TASK STATEMENT
Starting at the line below with "Acer K273 - FRU" and stopping at the line with "1840011. HARMONICA, 3", please print each line exactly, those two included, and skip every picture.
── ENTRIES SHOWN ──
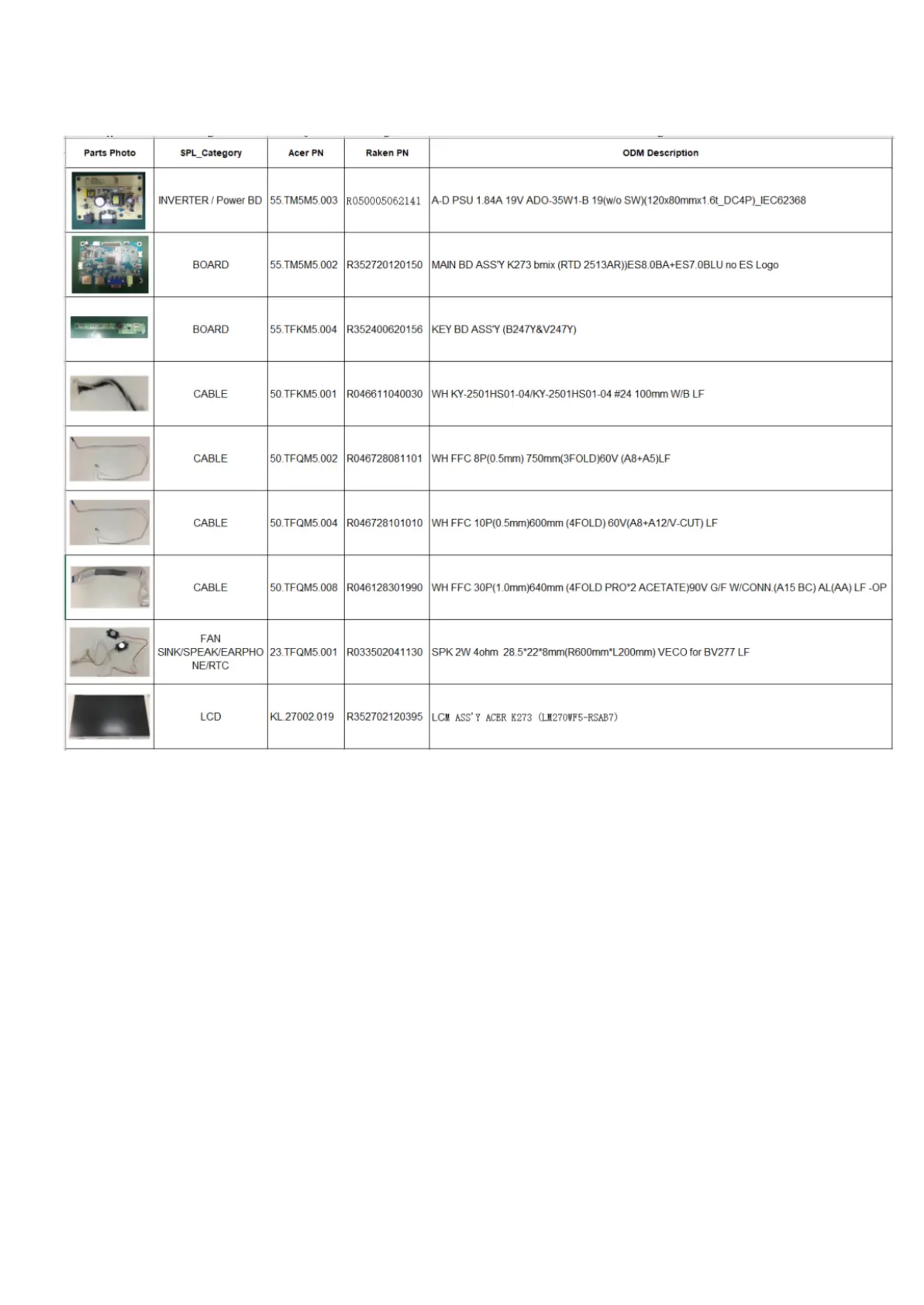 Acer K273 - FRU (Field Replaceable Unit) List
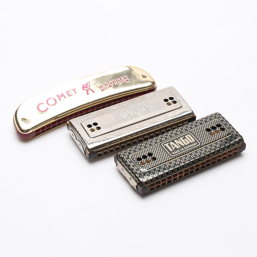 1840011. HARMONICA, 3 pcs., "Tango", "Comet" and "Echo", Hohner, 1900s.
───
── ENTRIES SHOWN ──
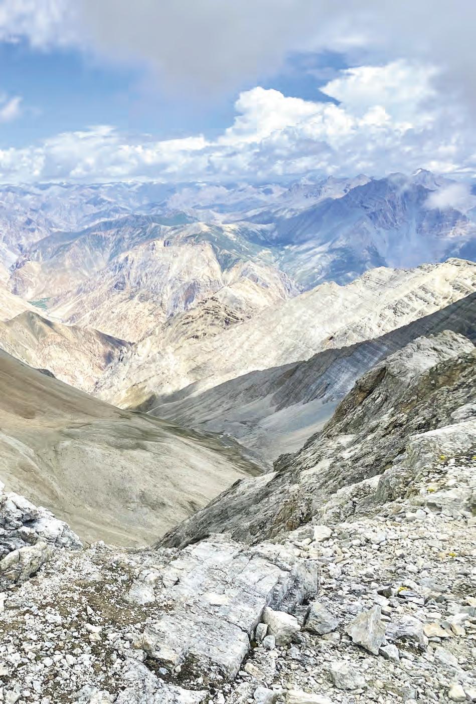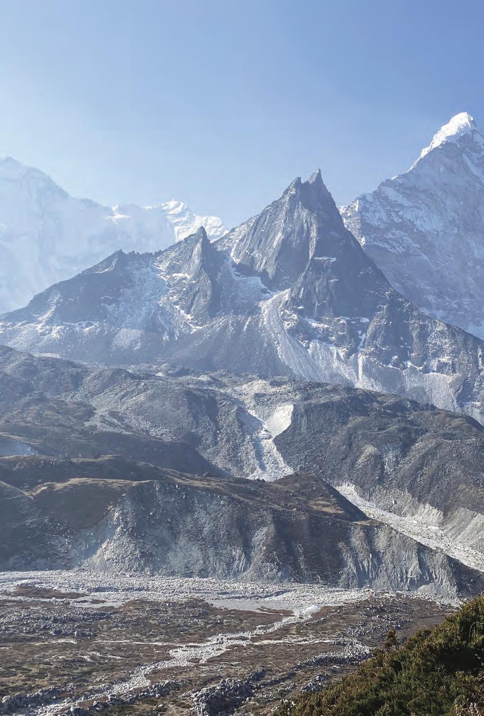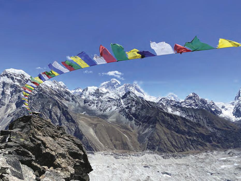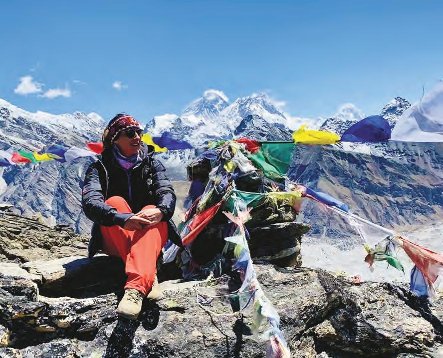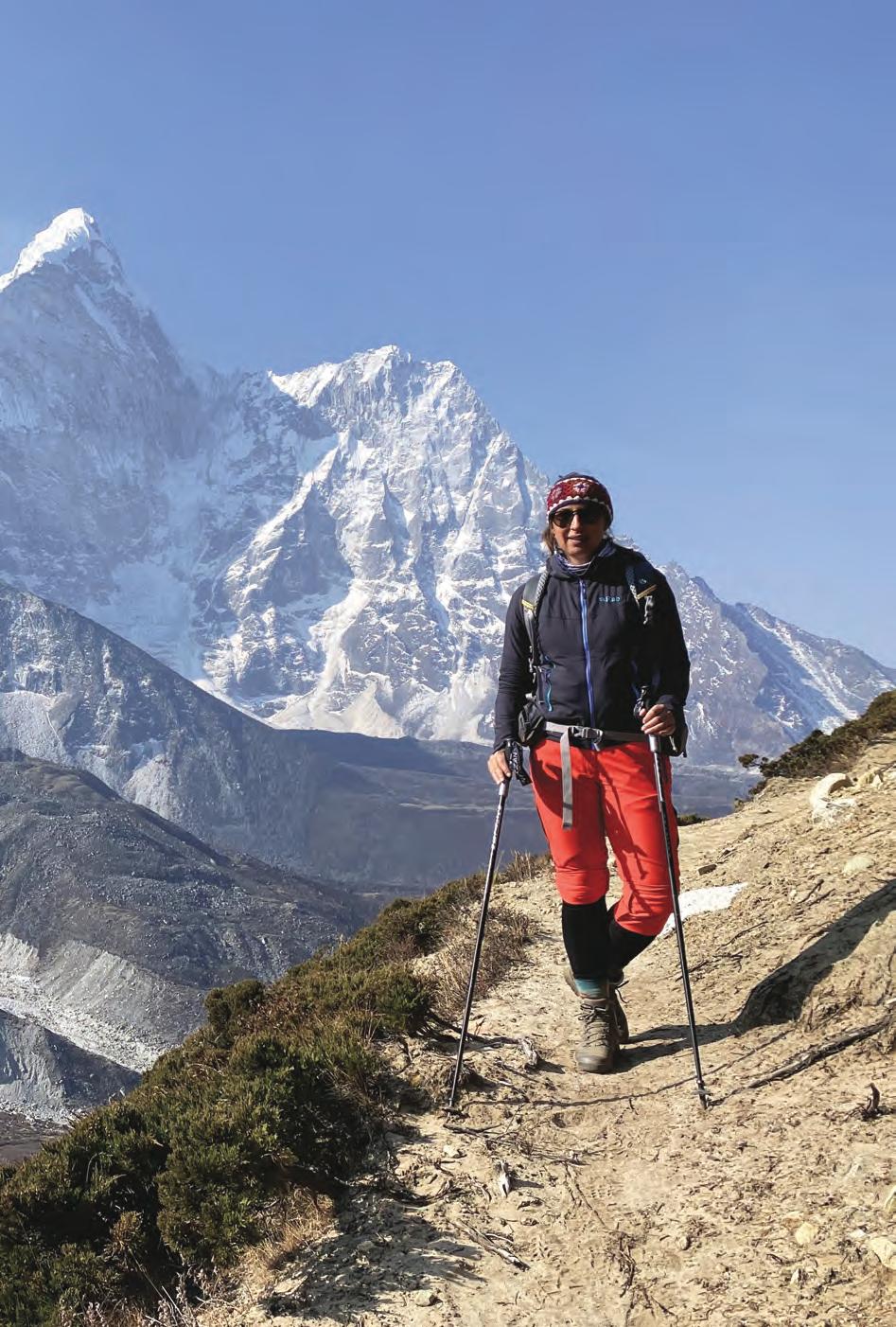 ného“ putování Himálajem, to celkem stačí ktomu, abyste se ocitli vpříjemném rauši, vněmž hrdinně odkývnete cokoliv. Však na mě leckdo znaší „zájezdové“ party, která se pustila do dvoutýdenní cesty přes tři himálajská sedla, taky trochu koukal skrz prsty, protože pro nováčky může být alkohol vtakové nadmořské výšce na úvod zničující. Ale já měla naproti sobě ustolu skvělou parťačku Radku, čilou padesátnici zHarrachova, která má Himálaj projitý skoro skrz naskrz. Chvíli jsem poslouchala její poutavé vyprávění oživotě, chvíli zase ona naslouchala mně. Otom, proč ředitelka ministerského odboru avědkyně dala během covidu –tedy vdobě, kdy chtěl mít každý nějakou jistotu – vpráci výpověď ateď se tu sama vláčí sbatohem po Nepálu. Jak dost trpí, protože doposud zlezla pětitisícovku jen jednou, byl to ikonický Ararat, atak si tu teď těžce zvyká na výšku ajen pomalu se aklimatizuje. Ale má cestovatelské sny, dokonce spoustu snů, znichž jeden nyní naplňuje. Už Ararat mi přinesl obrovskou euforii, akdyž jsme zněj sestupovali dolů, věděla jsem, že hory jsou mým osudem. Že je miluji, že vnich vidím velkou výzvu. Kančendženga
───
EXERCISE ANSWER
 Acer K273 - FRU (Field Replaceable Unit) List
 1840011. HARMONICA, 3 pcs., "Tango", "Comet" and "Echo", Hohner, 1900s.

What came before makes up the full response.